To obtain "protective components" for power supplies in its devices, Apple has turned to Taiwan's Thinking Electronic, according to DigiTimes. Previously, Apple purchased most of its protective components from Japan's Murata.

But Murata has reportedly not been able to recoup after the massive earthquake that struck Japan in March. That left Apple with no choice but to seek out other partners.

Thinking is said to be the second largest supplier of protective components for Apple, representing a total of 35 percent. Previously, Japan's Murata was the largest supplier.

Thinking addressed the Japan earthquake on its own site soon after the disaster occurred in March. It noted that the company was in "constant contact" with suppliers regarding the availability of raw material for its own products.

"(Thinking) indicates that its raw material supply chain is not affected by the incident and its product lines operate as usual," the company said. "Thinking will keep monitoring its raw material supply and market demand to ensure its best production."

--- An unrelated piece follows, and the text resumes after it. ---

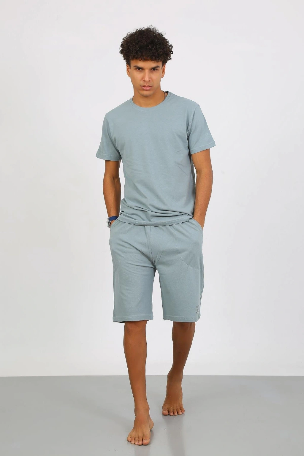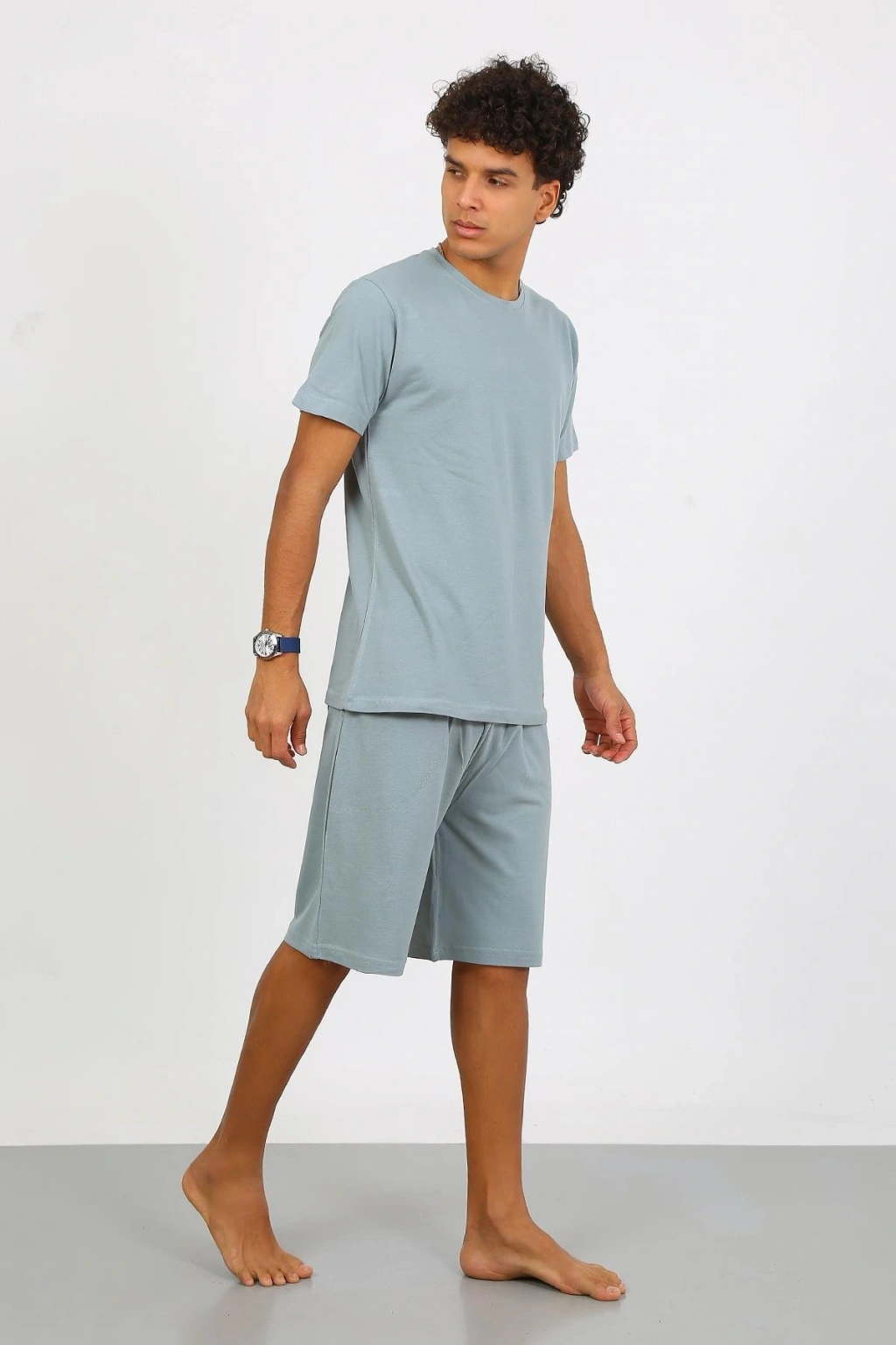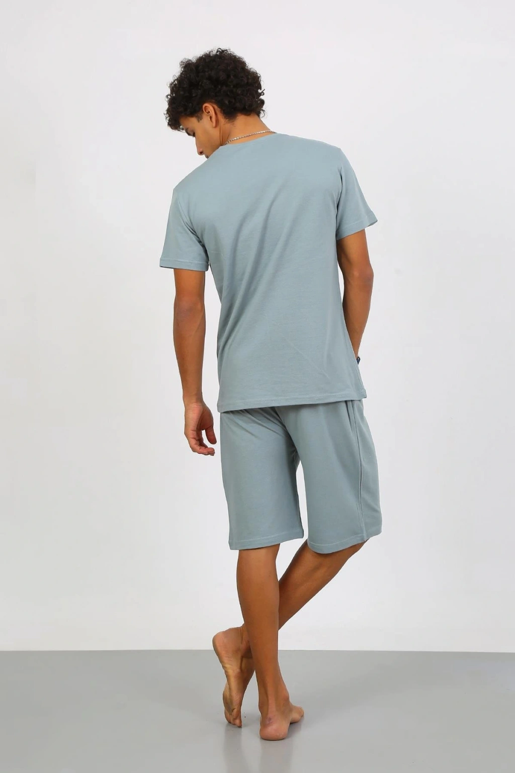 Moda Çizgi Erkek Pamuk Lakost Alt Üst Kaprili Pijama Takım SuYeşili 6872

Last month during his company's quarterly earnings conference call, Apple Chief Operating Officer Tim Cook said the disaster in Japan did not greatly affect his company's supply of components. He also said he did not expect the situation to have a negative impact on the company in the near future.

However, Cook also cautioned that the situation in Japan remained volatile, with aftershocks and potential power outages. He said that Apple employees were working "around the clock on contingency plans" to ensure they would be able to secure components if deals were to fall through in Japan.

Cook also said that Apple would prefer to stick with its long-term partners in Japan, if possible. He expected that to take place in most instances.

Despite Cook's comments, rumors of component issues stemming from Japan have persisted. A week ago, DigiTimes reported that Apple's overseas manufacturing partner, Foxconn, is experiencing a shortage of labor and materials at its plants in Chengdu, China.

It was said that Foxconn has experienced a shortage of power amplifiers and memory for the iPad 2. Those component issues apparently stem at least in part from the devastating earthquake that struck Japan.
post #2 of 12
It's become impossible to completely believe anything that company CEO's and upper management say anymore. Not specifically Apple, but just about any company. There's so much misdirection (what's that another word for?) aimed at or intended to influence audiences other than the consumer and common stockholder. Over and over they claim there were no component shortages affecting delivery, yet they've been unable to meet any of their iPad production targets so far this year. Just be honest about it. "Mother Nature" happens, so what's the big deal.

Geez. . .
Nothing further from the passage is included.